> [Exercise prompt] Range to copy from the entries below: the line containing "Zum Mittag kehren" through the line containing "Mesa de centro, 80x80x42", inclusive. Retype only those lines, exactly, without any images.

> [Extracted data]
--------------------------------------------------
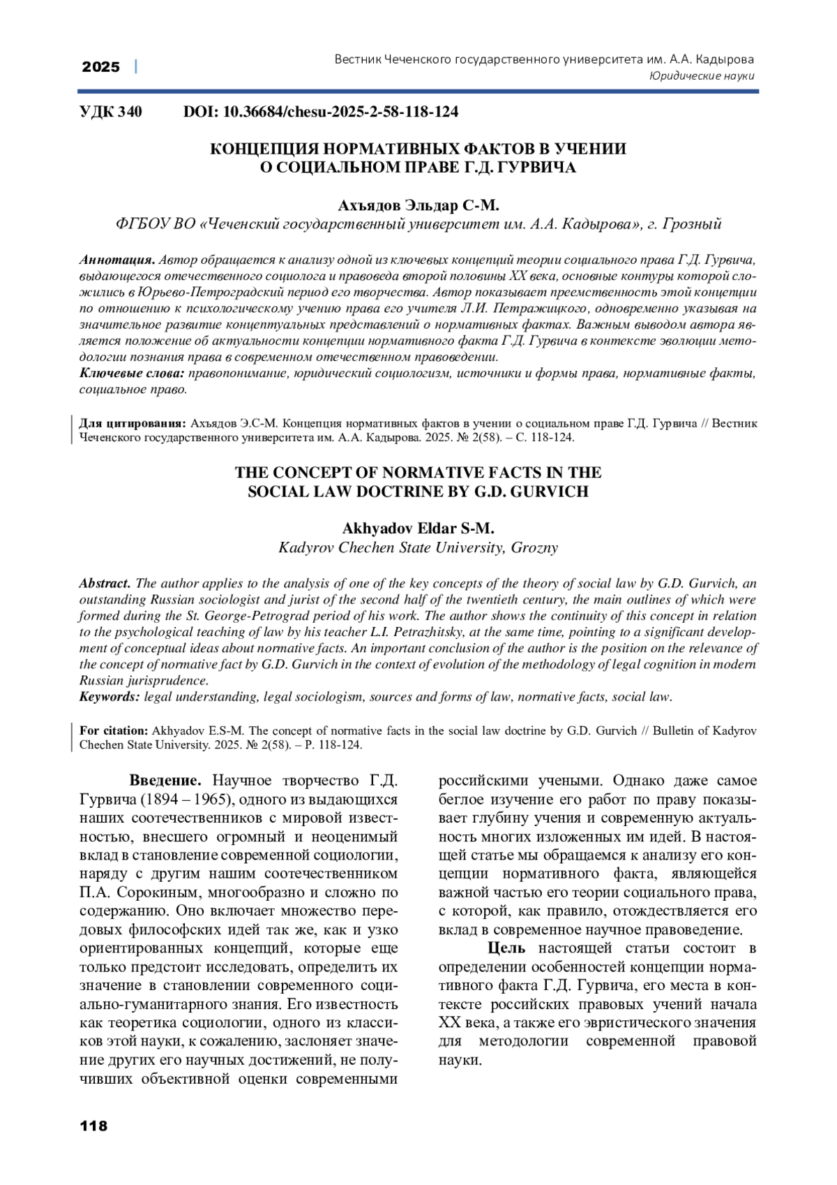 Автор обращается к анализу одной из ключевых концепций теории социального права Г. Д. Гурвича, выдающегося отечественного социолога и правоведа второй половины ХХ века, основные контуры которой сложились в Юрьево-Петроградский период его творчества. Автор показывает преемственность этой концепции по отношению к психологическому учению права его учителя Л. И. Петражицкого, одновременно указывая на значительное развитие концептуальных представлений о нормативных фактах. Важным выводом автора является положение об актуальности концепции нормативного факта Г. Д. Гурвича в контексте эволюции методологии познания права в современном отечественном правоведении.
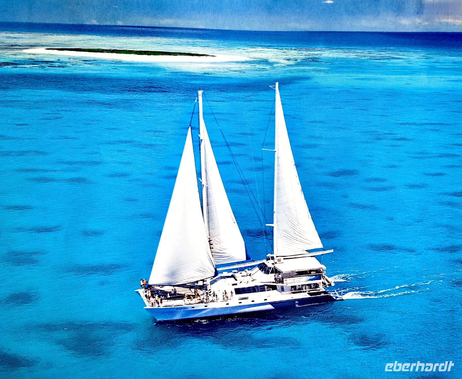 Zum Mittag kehren wir voller Eindrücke zum Katamaran zurück und stärken uns erst einmal am Mittagsbüffet, bevor wir am Nachmittag gemeinsam mit einer Art U-Boot erneut über das Riff gleiten, diesmal mit Motorkraft. Aus den Fenstern sehen wir die beeindruckenden Korallen nochmal aus nächster Nähe und hier kommen auch die Gäste auf ihre Kosten, die am Vormittag nicht mit geschnorchelt sind.
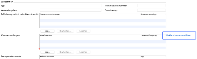 Wenn eine TA erstellt wird, gibt es neu die Möglichkeit, aus einer Liste die WA-Ds und WA-nDs unter Deklarationen auszuwählen.
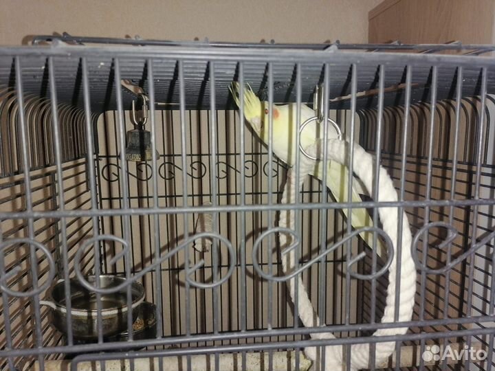 Волнистый попугай с клеткой
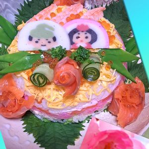 今日は、「雛祭り🎎」✨️🎶 お花ではありませんが🙏💦 「雛ケーキ🎂」作りました🎵 一番下が、菜の花ご飯😋 真ん中が、ビンクの桜でんぶ😋 一番飢えがちらし寿司😋 それぞれ間にエビやサーモン、ツナマヨ💕入れてトッピングは、いつもの「生協」さんのお雛様かまぼこ🤭 サーモンで、バラ🌹を作ってキヌサヤやイクラを散らして💖 召し上がれ~(’-’*)♪❤️ 久々に登場…自作の器
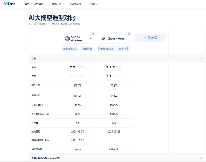 ✅ GPT-4.5vs Claude4全参数对比工具:
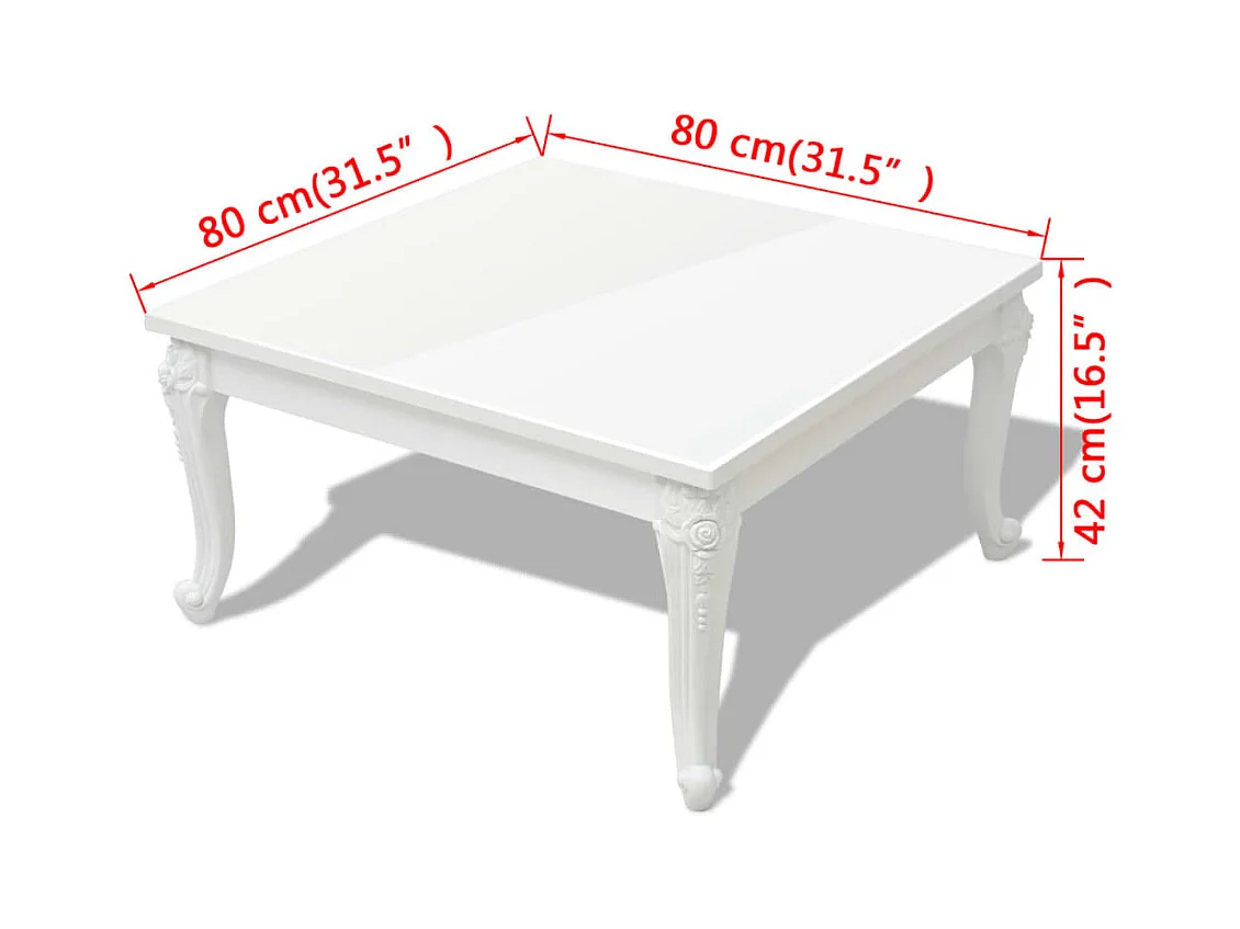 Mesa de centro, 80x80x42 cm, branco brilhante
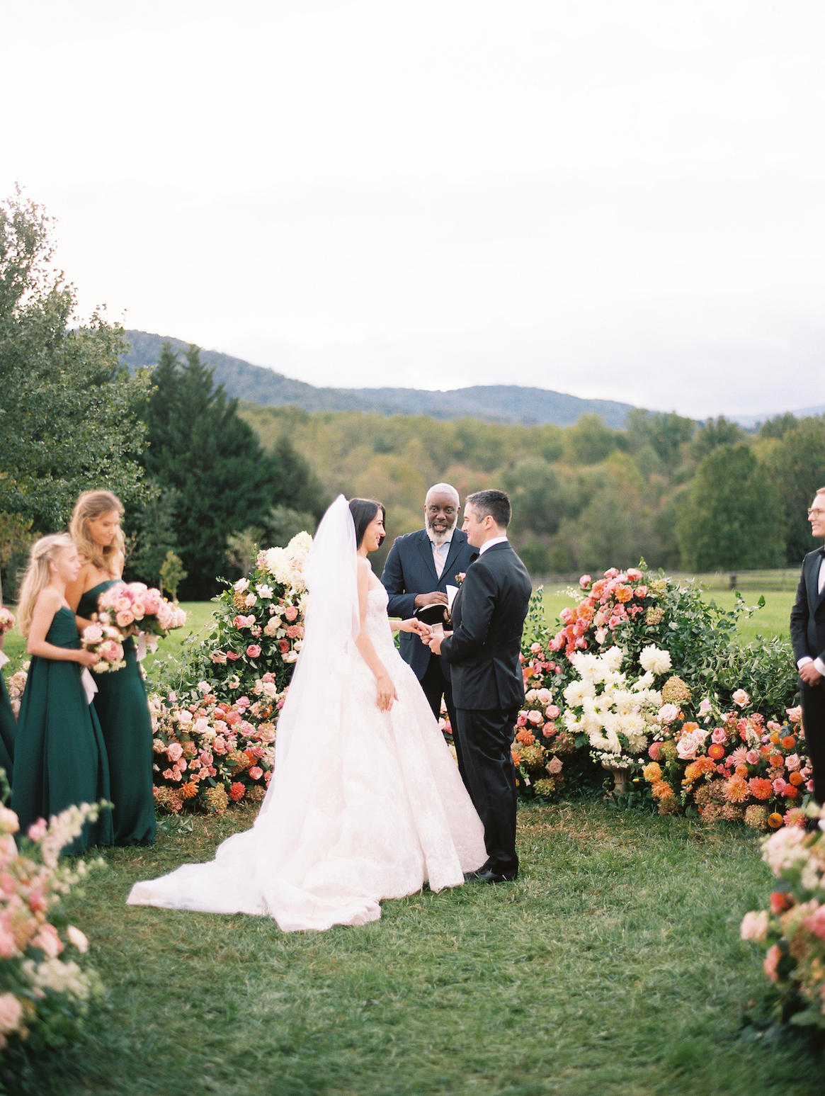 Photographer: Abby Jiu | Venue: The Inn at Little Washington | Event planning and design: Mariee Ami | Florist: Holly Chapple | Invitations: Mariee Ami | Cake: Fleur and Flour | Hair and makeup: Jessie D’Angelo | Bride’s Attire: Monique Lhuillier from Carines Bridal (custom gown); Dolce & Gabbana (shoes) | Groom’s Attire: Black tuxedo and Astronaut Cufflinks by Jan Leslie | Bridesmaids’ Attire: varying emerald gowns from David’s Bridal | Rentals: Select Event Group
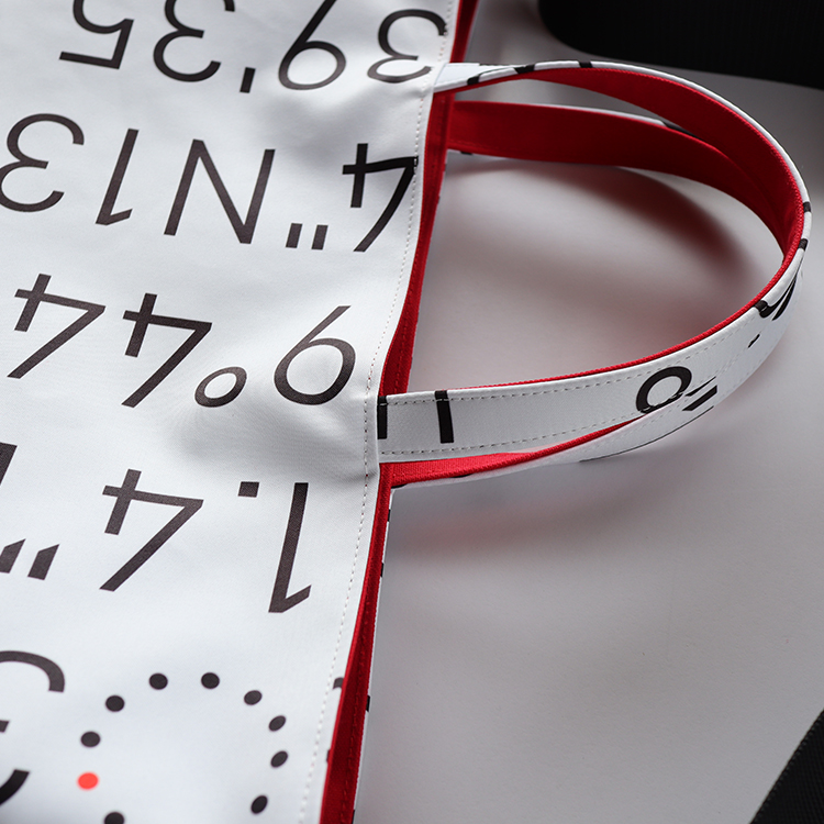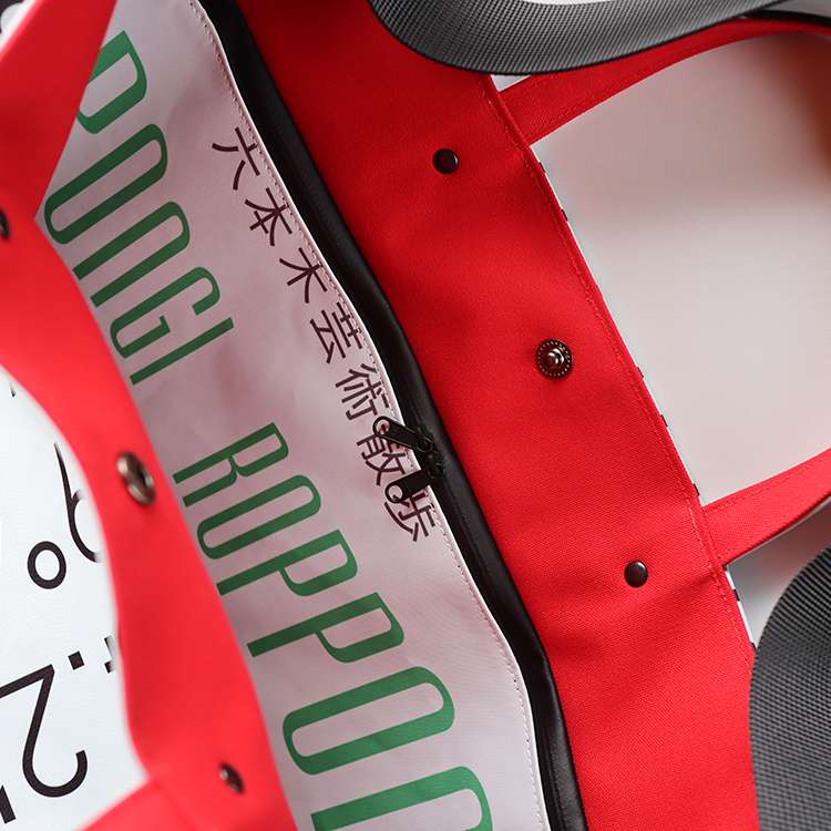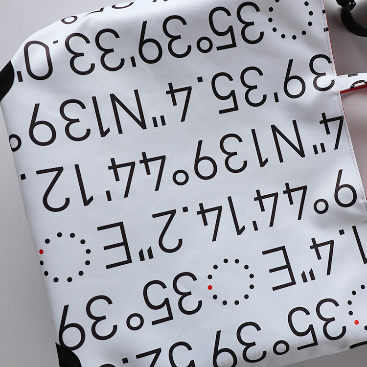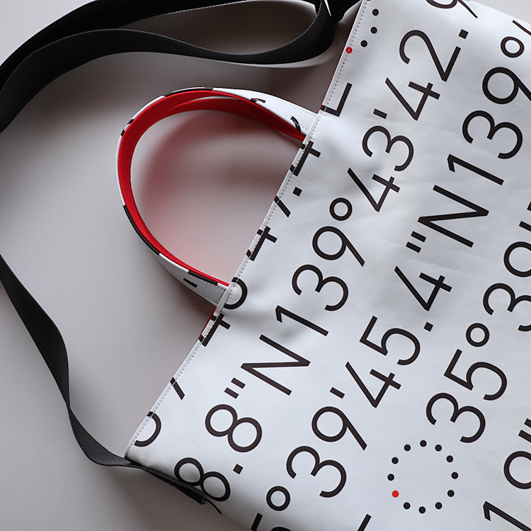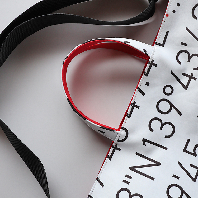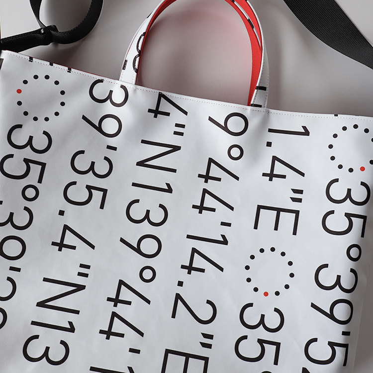 グラフィック・デザインが全面に映える、大きめサイズのショルダーベルト付きトートバッグ。
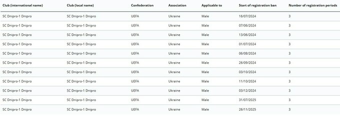 Известный украинский клуб «Днепр-1» получил очередной трансферный бан от ФИФА. Информация о санкциях Международной федерации футбола появилась в официальном списке команд, которым запрещено регистрировать новых футболистов.
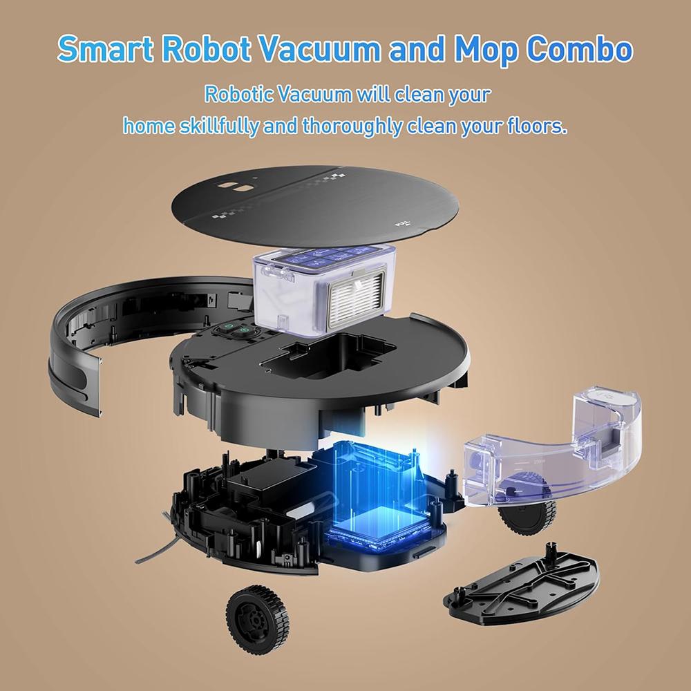 - Robot Vacuum and Mop Combo, 2-in-1 Mopping Robot Vacuum Cleaner with 2300Pa Suction, 2.87'' Slim Design, Wi-Fi/App/Voice Control, 3D Obstacle Avoidance &Self-Charging for Hard Floors, Carpets, Pet Hair
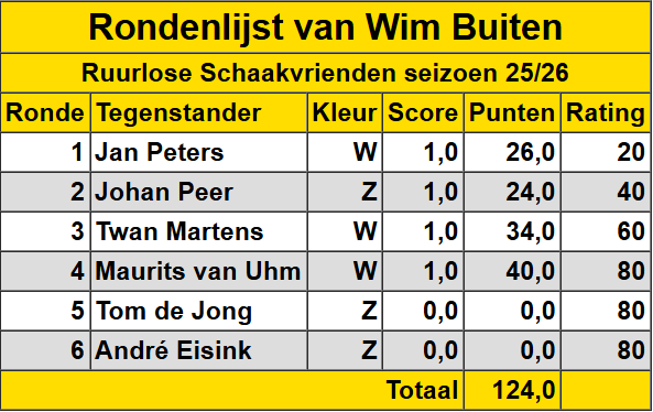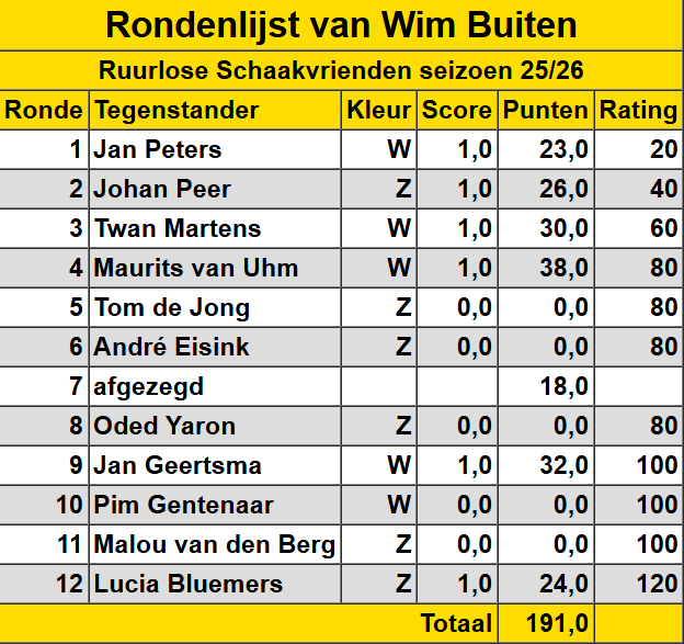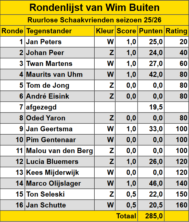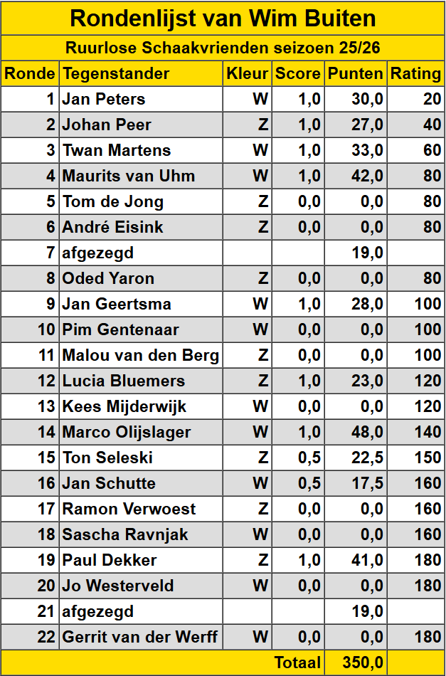 Wim Buiten Hieronder een overzicht van de gespeelde wedstrijden van Wim Buiten.
--------------------------------------------------
> [Expected answer]
 Zum Mittag kehren wir voller Eindrücke zum Katamaran zurück und stärken uns erst einmal am Mittagsbüffet, bevor wir am Nachmittag gemeinsam mit einer Art U-Boot erneut über das Riff gleiten, diesmal mit Motorkraft. Aus den Fenstern sehen wir die beeindruckenden Korallen nochmal aus nächster Nähe und hier kommen auch die Gäste auf ihre Kosten, die am Vormittag nicht mit geschnorchelt sind.
 Wenn eine TA erstellt wird, gibt es neu die Möglichkeit, aus einer Liste die WA-Ds und WA-nDs unter Deklarationen auszuwählen.
 Волнистый попугай с клеткой
 今日は、「雛祭り🎎」✨️🎶 お花ではありませんが🙏💦 「雛ケーキ🎂」作りました🎵 一番下が、菜の花ご飯😋 真ん中が、ビンクの桜でんぶ😋 一番飢えがちらし寿司😋 それぞれ間にエビやサーモン、ツナマヨ💕入れてトッピングは、いつもの「生協」さんのお雛様かまぼこ🤭 サーモンで、バラ🌹を作ってキヌサヤやイクラを散らして💖 召し上がれ~(’-’*)♪❤️ 久々に登場…自作の器
 ✅ GPT-4.5vs Claude4全参数对比工具:
 Mesa de centro, 80x80x42 cm, branco brilhante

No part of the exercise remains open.